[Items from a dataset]

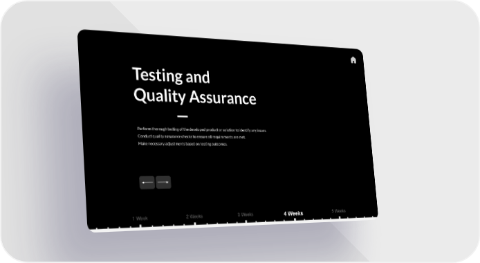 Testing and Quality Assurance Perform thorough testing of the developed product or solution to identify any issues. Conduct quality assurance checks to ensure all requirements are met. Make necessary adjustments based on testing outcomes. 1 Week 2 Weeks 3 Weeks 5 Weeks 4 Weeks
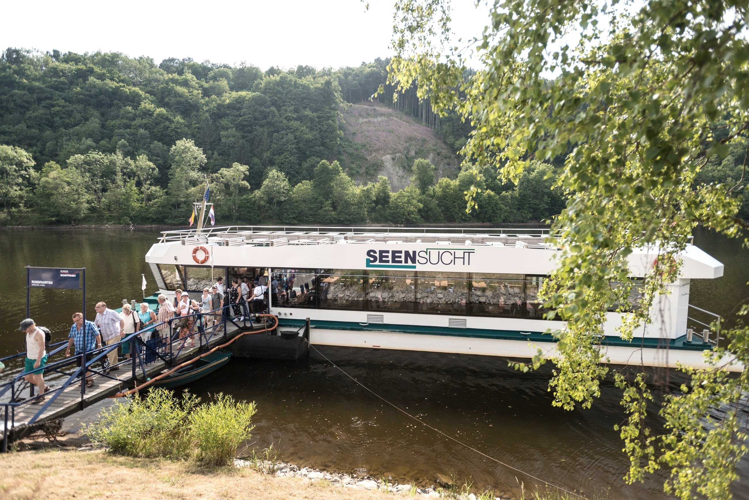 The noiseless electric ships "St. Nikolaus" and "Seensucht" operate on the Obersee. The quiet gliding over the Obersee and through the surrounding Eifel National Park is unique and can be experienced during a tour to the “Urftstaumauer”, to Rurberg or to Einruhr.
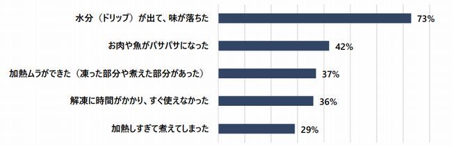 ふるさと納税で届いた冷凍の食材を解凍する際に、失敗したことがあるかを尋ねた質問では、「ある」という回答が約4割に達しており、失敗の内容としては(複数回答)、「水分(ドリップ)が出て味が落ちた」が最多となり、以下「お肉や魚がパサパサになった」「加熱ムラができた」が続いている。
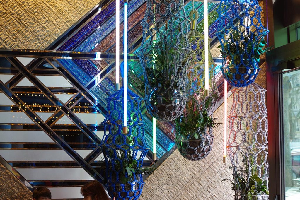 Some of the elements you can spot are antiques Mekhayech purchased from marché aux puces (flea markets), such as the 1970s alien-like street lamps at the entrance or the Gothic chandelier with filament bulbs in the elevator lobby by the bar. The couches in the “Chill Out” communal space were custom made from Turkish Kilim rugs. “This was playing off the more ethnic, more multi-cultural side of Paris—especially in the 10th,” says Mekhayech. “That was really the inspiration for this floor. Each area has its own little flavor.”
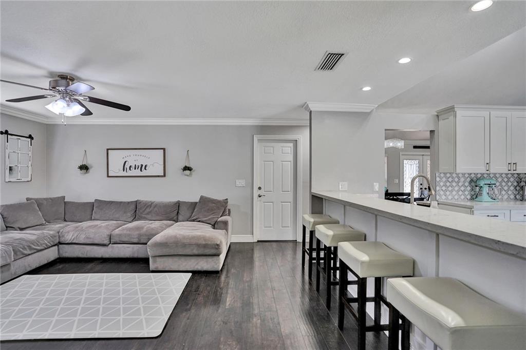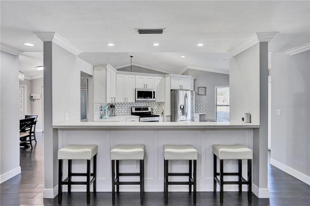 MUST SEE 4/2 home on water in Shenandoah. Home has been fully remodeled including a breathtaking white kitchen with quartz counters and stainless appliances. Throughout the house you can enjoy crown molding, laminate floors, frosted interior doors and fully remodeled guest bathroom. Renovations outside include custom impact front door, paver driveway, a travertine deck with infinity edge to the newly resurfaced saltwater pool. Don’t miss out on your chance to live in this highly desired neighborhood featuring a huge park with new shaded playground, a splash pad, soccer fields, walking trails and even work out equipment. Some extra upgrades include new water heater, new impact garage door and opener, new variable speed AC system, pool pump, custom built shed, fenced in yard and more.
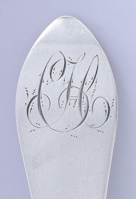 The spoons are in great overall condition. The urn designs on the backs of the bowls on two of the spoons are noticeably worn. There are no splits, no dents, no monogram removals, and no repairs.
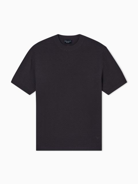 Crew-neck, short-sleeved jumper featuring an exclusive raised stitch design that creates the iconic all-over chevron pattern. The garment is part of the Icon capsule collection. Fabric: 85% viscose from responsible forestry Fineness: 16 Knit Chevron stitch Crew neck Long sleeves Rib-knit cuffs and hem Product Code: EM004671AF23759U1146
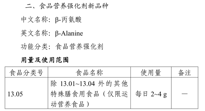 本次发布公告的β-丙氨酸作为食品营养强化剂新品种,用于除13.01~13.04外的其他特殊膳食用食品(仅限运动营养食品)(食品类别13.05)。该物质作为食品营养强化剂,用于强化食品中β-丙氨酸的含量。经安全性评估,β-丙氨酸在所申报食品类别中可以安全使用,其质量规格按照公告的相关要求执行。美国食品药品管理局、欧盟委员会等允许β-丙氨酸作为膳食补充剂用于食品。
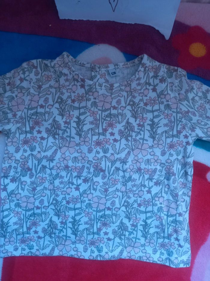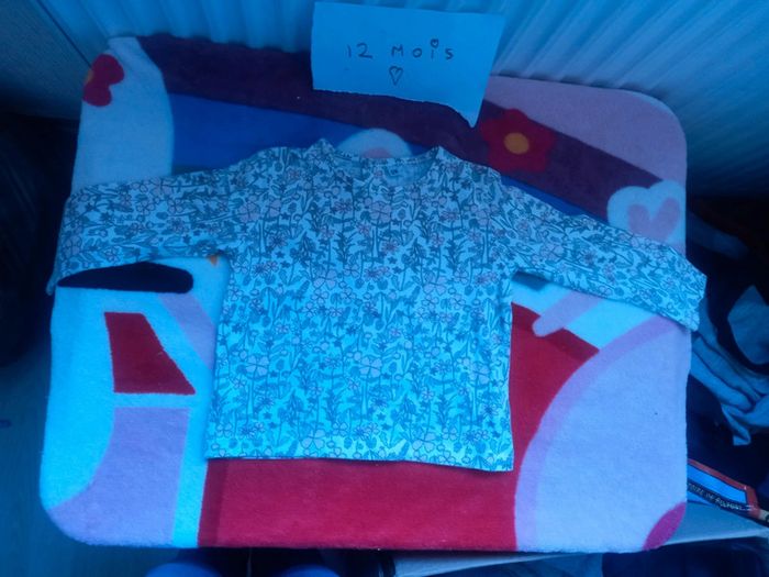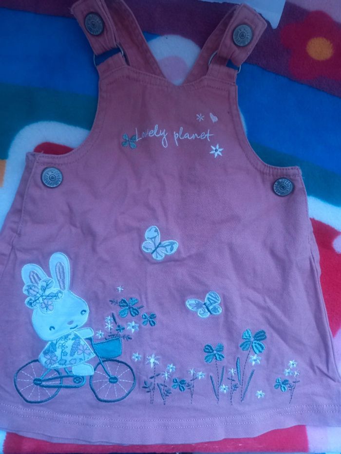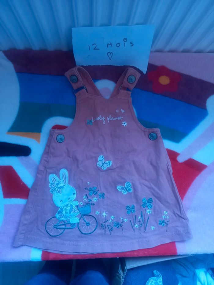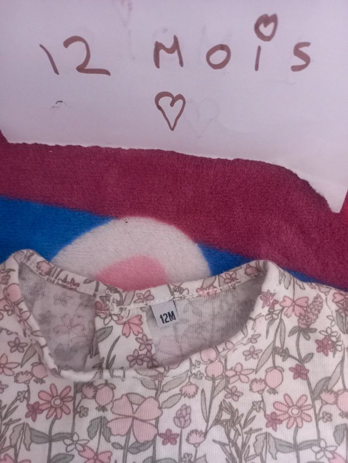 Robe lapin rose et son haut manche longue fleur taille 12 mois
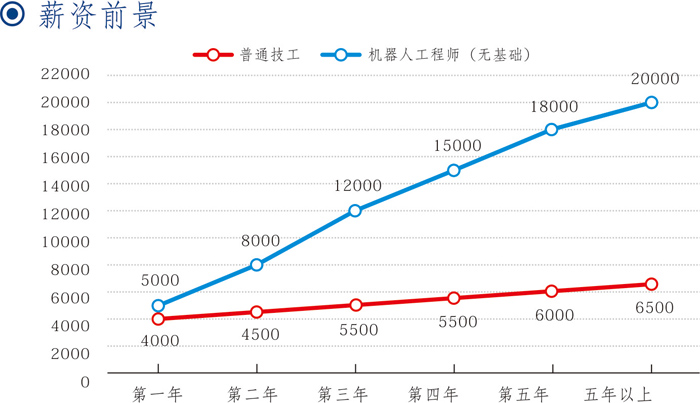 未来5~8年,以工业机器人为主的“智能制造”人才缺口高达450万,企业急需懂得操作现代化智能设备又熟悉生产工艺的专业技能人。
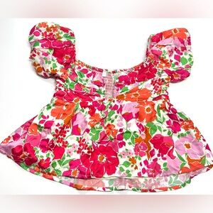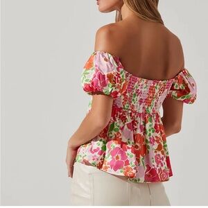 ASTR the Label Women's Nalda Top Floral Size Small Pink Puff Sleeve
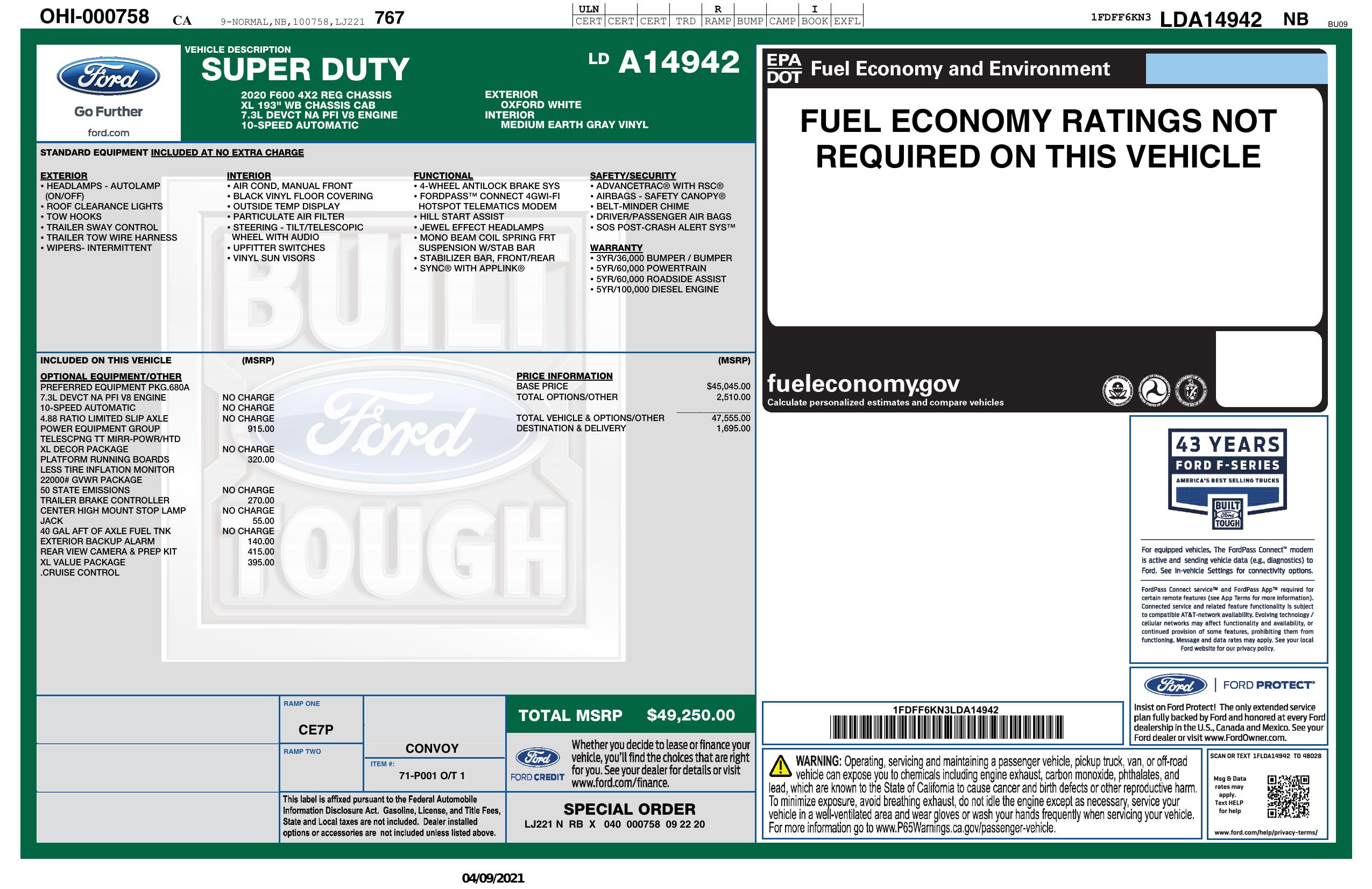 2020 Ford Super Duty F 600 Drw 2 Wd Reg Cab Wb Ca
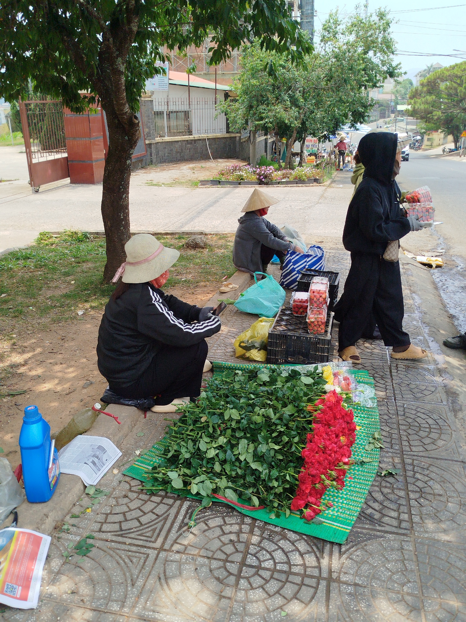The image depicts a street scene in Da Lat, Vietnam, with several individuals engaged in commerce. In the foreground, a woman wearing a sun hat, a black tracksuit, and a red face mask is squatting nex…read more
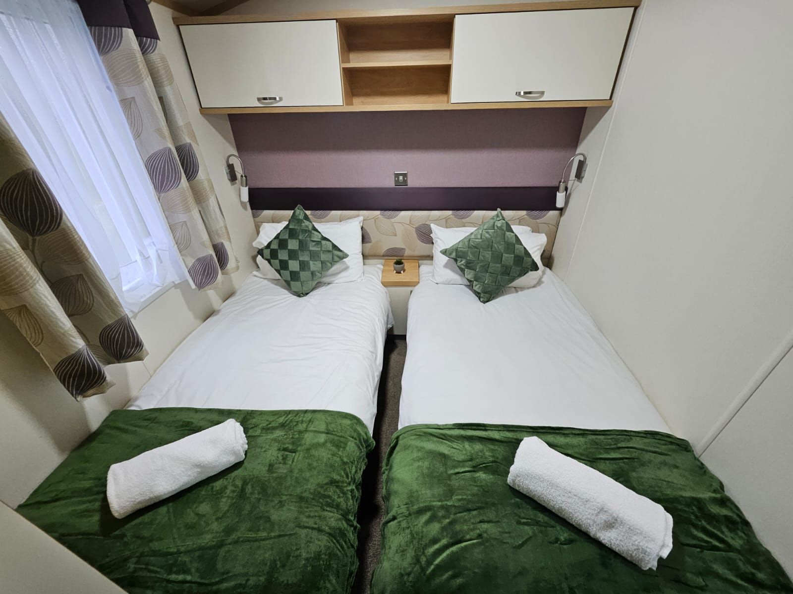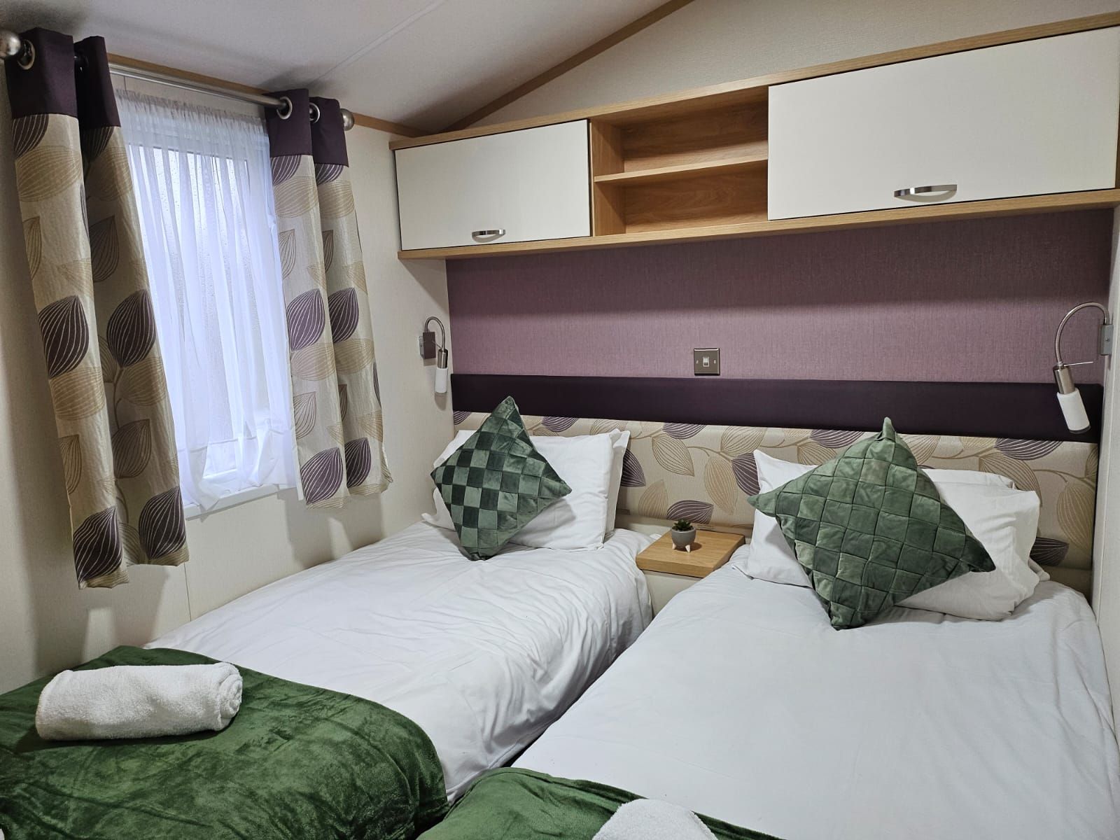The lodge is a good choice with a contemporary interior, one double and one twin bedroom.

Problem requirements: Output each line of the records exactly. Any picture is skipped.

Task response:
 Testing and Quality Assurance Perform thorough testing of the developed product or solution to identify any issues. Conduct quality assurance checks to ensure all requirements are met. Make necessary adjustments based on testing outcomes. 1 Week 2 Weeks 3 Weeks 5 Weeks 4 Weeks
 The noiseless electric ships "St. Nikolaus" and "Seensucht" operate on the Obersee. The quiet gliding over the Obersee and through the surrounding Eifel National Park is unique and can be experienced during a tour to the “Urftstaumauer”, to Rurberg or to Einruhr.
 ふるさと納税で届いた冷凍の食材を解凍する際に、失敗したことがあるかを尋ねた質問では、「ある」という回答が約4割に達しており、失敗の内容としては(複数回答)、「水分(ドリップ)が出て味が落ちた」が最多となり、以下「お肉や魚がパサパサになった」「加熱ムラができた」が続いている。
 Some of the elements you can spot are antiques Mekhayech purchased from marché aux puces (flea markets), such as the 1970s alien-like street lamps at the entrance or the Gothic chandelier with filament bulbs in the elevator lobby by the bar. The couches in the “Chill Out” communal space were custom made from Turkish Kilim rugs. “This was playing off the more ethnic, more multi-cultural side of Paris—especially in the 10th,” says Mekhayech. “That was really the inspiration for this floor. Each area has its own little flavor.”
 MUST SEE 4/2 home on water in Shenandoah. Home has been fully remodeled including a breathtaking white kitchen with quartz counters and stainless appliances. Throughout the house you can enjoy crown molding, laminate floors, frosted interior doors and fully remodeled guest bathroom. Renovations outside include custom impact front door, paver driveway, a travertine deck with infinity edge to the newly resurfaced saltwater pool. Don’t miss out on your chance to live in this highly desired neighborhood featuring a huge park with new shaded playground, a splash pad, soccer fields, walking trails and even work out equipment. Some extra upgrades include new water heater, new impact garage door and opener, new variable speed AC system, pool pump, custom built shed, fenced in yard and more.
 The spoons are in great overall condition. The urn designs on the backs of the bowls on two of the spoons are noticeably worn. There are no splits, no dents, no monogram removals, and no repairs.
 Crew-neck, short-sleeved jumper featuring an exclusive raised stitch design that creates the iconic all-over chevron pattern. The garment is part of the Icon capsule collection. Fabric: 85% viscose from responsible forestry Fineness: 16 Knit Chevron stitch Crew neck Long sleeves Rib-knit cuffs and hem Product Code: EM004671AF23759U1146
 本次发布公告的β-丙氨酸作为食品营养强化剂新品种,用于除13.01~13.04外的其他特殊膳食用食品(仅限运动营养食品)(食品类别13.05)。该物质作为食品营养强化剂,用于强化食品中β-丙氨酸的含量。经安全性评估,β-丙氨酸在所申报食品类别中可以安全使用,其质量规格按照公告的相关要求执行。美国食品药品管理局、欧盟委员会等允许β-丙氨酸作为膳食补充剂用于食品。
 Robe lapin rose et son haut manche longue fleur taille 12 mois
 未来5~8年,以工业机器人为主的“智能制造”人才缺口高达450万,企业急需懂得操作现代化智能设备又熟悉生产工艺的专业技能人。
 ASTR the Label Women's Nalda Top Floral Size Small Pink Puff Sleeve
 2020 Ford Super Duty F 600 Drw 2 Wd Reg Cab Wb Ca
The image depicts a street scene in Da Lat, Vietnam, with several individuals engaged in commerce. In the foreground, a woman wearing a sun hat, a black tracksuit, and a red face mask is squatting nex…read more
The lodge is a good choice with a contemporary interior, one double and one twin bedroom.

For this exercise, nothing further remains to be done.